Lead quente, morno e frio: classificar sem achismo

Aprenda a classificar lead quente, morno e frio por sinais de intenção observáveis, não por feeling, e defina a cadência certa para cada temperatura do lead.

Por equipe followasy


A temperatura de um lead descreve o quanto ele está perto de comprar agora. Lead quente é quem demonstra intenção clara e imediata: pediu preço, quer fechar, marcou horário. Lead morno tem interesse real, mas sem pressa: está pesquisando, comparando, vai decidir mais para frente. Lead frio é o contato que existe na sua base sem sinal de intenção no momento: baixou um material, deixou o WhatsApp num evento, mas não pediu nada. Classificar por temperatura é separar quem você atende agora de quem você cultiva para depois.

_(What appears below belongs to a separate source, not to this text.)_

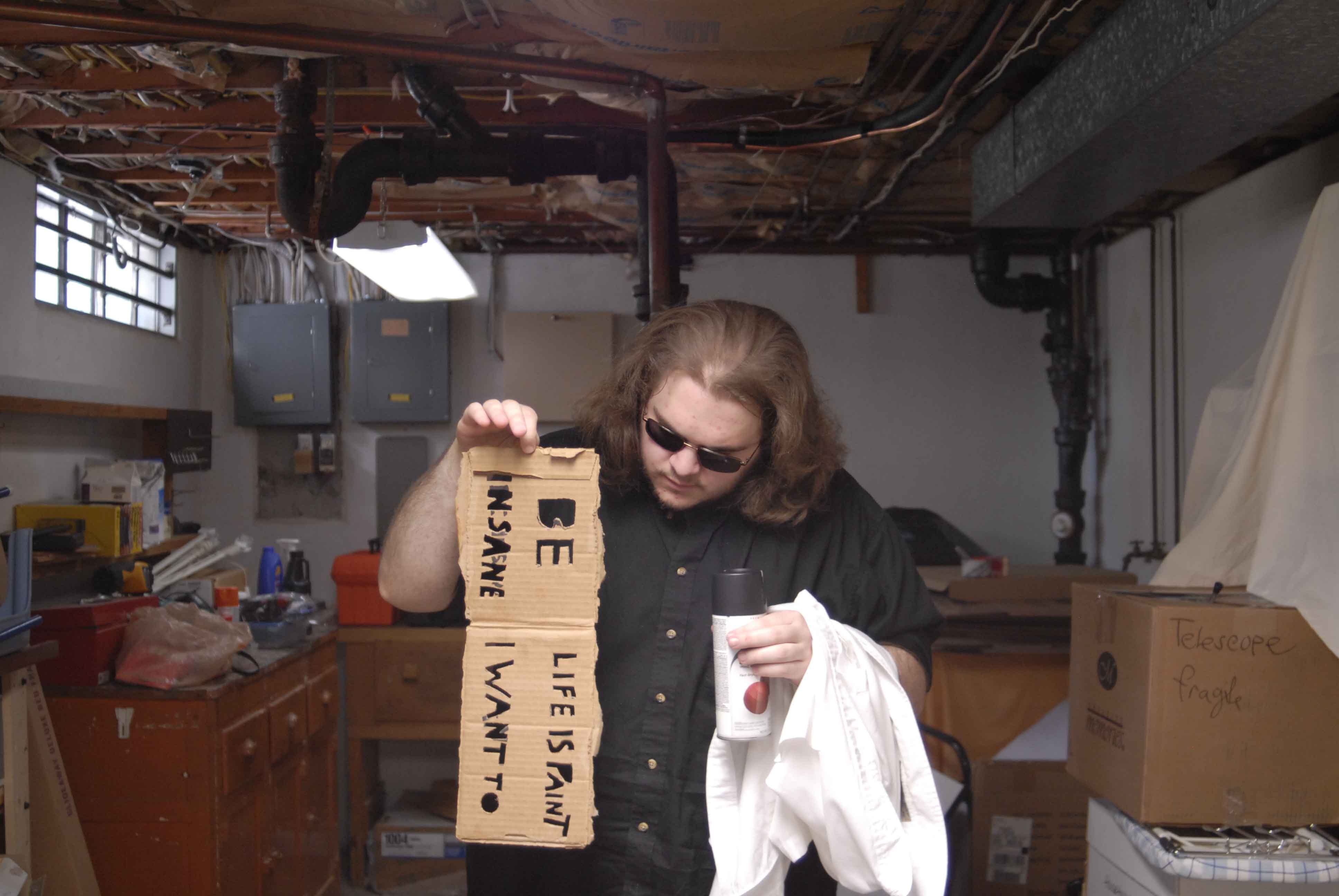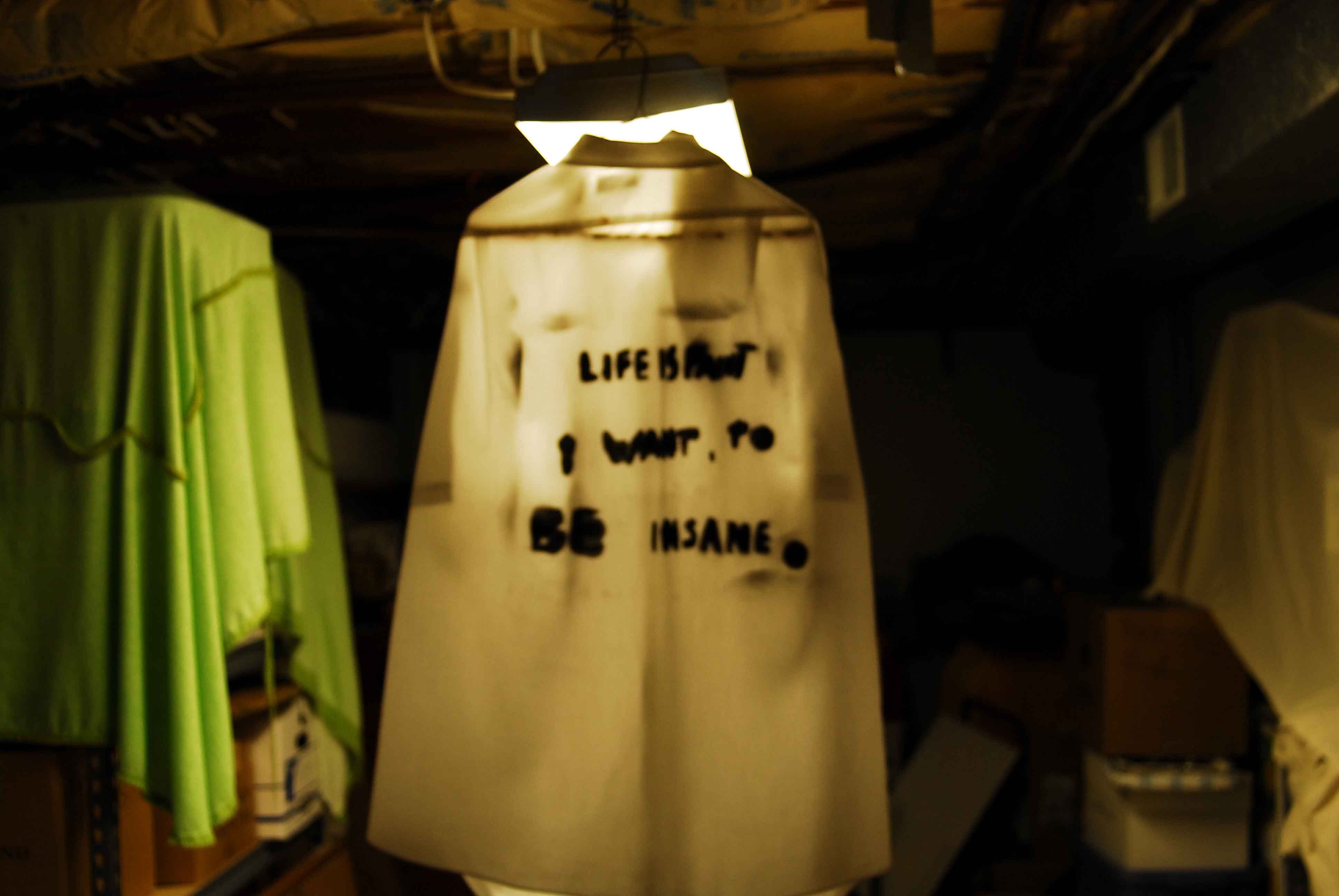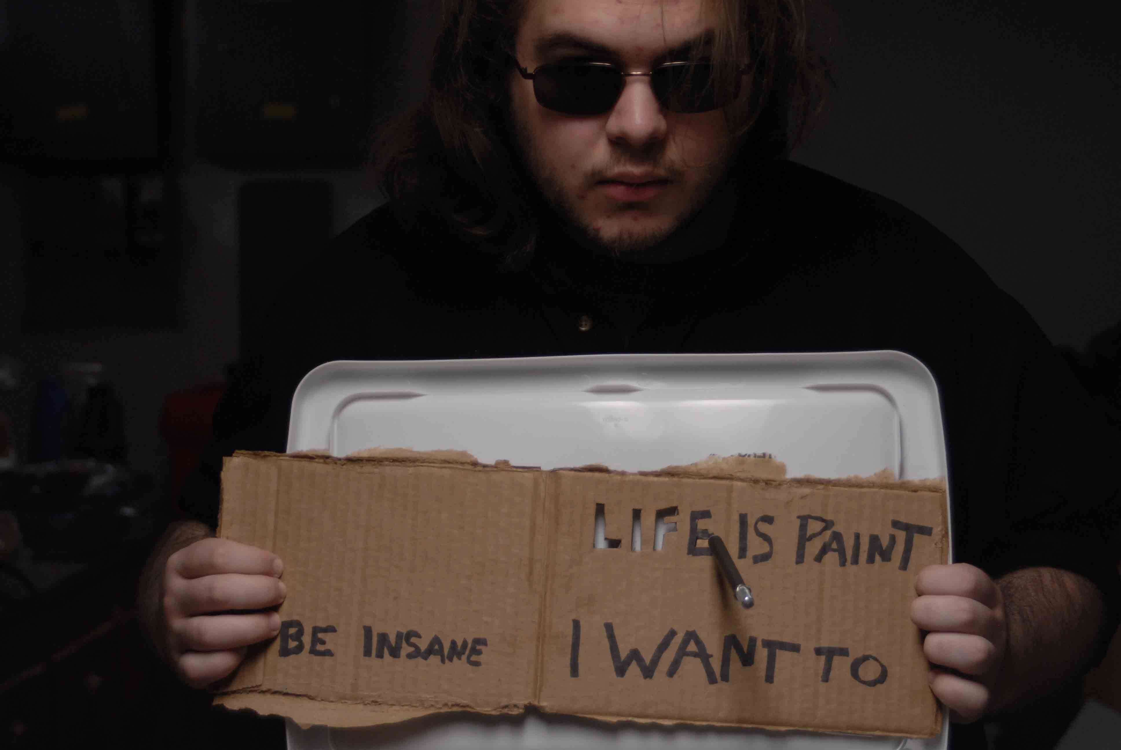 photobump.Heavy Mind: Mal (super mean) had told me he would sponsor me on the level 2 task if it would get me playing, but on the condition that the shirt we made would be gifted to the other. I took a couple of days to come up with a good "U of A" slogan, and even tried calling the rest of the team, but Ted (super fly) didn't answer, and Mal, on the subject of the task, would only quote unhelpful Rollins stand-up. Hence, his reward: 'Life is paint. I want to be insane'.

O problema é que a maioria dos times classifica por sensação. "Esse cliente me parece quente" é um palpite, e palpite não escala nem se transfere entre vendedores. A classificação útil se baseia em sinais observáveis: o que o lead fez, disse e perguntou. Este guia mostra quais sinais indicam cada temperatura e, principalmente, o que fazer com cada uma, porque classificar sem mudar a ação é só rótulo.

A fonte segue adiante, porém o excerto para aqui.